Recorded data:
=-=-=-=-=
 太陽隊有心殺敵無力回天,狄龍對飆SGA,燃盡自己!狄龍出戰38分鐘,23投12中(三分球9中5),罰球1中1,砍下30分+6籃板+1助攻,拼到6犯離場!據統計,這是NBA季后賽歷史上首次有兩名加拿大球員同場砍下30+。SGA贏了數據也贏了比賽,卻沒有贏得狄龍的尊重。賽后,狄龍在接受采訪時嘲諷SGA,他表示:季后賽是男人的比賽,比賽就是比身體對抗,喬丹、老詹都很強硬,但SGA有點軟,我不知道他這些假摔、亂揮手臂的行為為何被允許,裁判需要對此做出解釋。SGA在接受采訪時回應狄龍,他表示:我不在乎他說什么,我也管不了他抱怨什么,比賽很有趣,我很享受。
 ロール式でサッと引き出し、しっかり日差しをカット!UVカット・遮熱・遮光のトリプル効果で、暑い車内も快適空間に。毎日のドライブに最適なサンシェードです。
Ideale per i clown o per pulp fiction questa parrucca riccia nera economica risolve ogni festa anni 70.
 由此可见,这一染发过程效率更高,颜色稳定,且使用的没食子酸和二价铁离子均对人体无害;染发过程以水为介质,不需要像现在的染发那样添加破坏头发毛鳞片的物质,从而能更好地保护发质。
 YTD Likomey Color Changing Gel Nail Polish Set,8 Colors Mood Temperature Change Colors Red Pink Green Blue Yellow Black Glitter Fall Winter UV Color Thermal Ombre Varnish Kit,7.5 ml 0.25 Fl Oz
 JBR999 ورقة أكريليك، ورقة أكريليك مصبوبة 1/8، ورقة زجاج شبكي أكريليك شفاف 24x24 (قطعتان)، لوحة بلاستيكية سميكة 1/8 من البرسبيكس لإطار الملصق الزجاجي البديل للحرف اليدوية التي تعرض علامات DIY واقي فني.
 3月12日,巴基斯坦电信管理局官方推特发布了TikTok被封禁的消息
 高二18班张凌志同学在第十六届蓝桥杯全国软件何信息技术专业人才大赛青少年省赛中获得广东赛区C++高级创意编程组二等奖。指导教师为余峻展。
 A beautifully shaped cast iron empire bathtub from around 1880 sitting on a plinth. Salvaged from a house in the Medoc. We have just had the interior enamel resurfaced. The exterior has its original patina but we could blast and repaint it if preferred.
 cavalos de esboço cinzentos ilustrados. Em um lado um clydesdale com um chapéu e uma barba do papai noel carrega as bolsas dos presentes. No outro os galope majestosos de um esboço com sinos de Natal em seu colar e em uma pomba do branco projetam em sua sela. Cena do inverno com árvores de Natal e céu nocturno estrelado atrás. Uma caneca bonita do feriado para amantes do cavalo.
=-=-=-=-=
## [Aim of the exercise]
From the very first line of the records down to the line with "A beautifully shaped", please write out each line exactly, including both ends and no other lines.

## [Reply]
 太陽隊有心殺敵無力回天,狄龍對飆SGA,燃盡自己!狄龍出戰38分鐘,23投12中(三分球9中5),罰球1中1,砍下30分+6籃板+1助攻,拼到6犯離場!據統計,這是NBA季后賽歷史上首次有兩名加拿大球員同場砍下30+。SGA贏了數據也贏了比賽,卻沒有贏得狄龍的尊重。賽后,狄龍在接受采訪時嘲諷SGA,他表示:季后賽是男人的比賽,比賽就是比身體對抗,喬丹、老詹都很強硬,但SGA有點軟,我不知道他這些假摔、亂揮手臂的行為為何被允許,裁判需要對此做出解釋。SGA在接受采訪時回應狄龍,他表示:我不在乎他說什么,我也管不了他抱怨什么,比賽很有趣,我很享受。
 ロール式でサッと引き出し、しっかり日差しをカット!UVカット・遮熱・遮光のトリプル効果で、暑い車内も快適空間に。毎日のドライブに最適なサンシェードです。
Ideale per i clown o per pulp fiction questa parrucca riccia nera economica risolve ogni festa anni 70.
 由此可见,这一染发过程效率更高,颜色稳定,且使用的没食子酸和二价铁离子均对人体无害;染发过程以水为介质,不需要像现在的染发那样添加破坏头发毛鳞片的物质,从而能更好地保护发质。
 YTD Likomey Color Changing Gel Nail Polish Set,8 Colors Mood Temperature Change Colors Red Pink Green Blue Yellow Black Glitter Fall Winter UV Color Thermal Ombre Varnish Kit,7.5 ml 0.25 Fl Oz
 JBR999 ورقة أكريليك، ورقة أكريليك مصبوبة 1/8، ورقة زجاج شبكي أكريليك شفاف 24x24 (قطعتان)، لوحة بلاستيكية سميكة 1/8 من البرسبيكس لإطار الملصق الزجاجي البديل للحرف اليدوية التي تعرض علامات DIY واقي فني.
 3月12日,巴基斯坦电信管理局官方推特发布了TikTok被封禁的消息
 高二18班张凌志同学在第十六届蓝桥杯全国软件何信息技术专业人才大赛青少年省赛中获得广东赛区C++高级创意编程组二等奖。指导教师为余峻展。
 A beautifully shaped cast iron empire bathtub from around 1880 sitting on a plinth. Salvaged from a house in the Medoc. We have just had the interior enamel resurfaced. The exterior has its original patina but we could blast and repaint it if preferred.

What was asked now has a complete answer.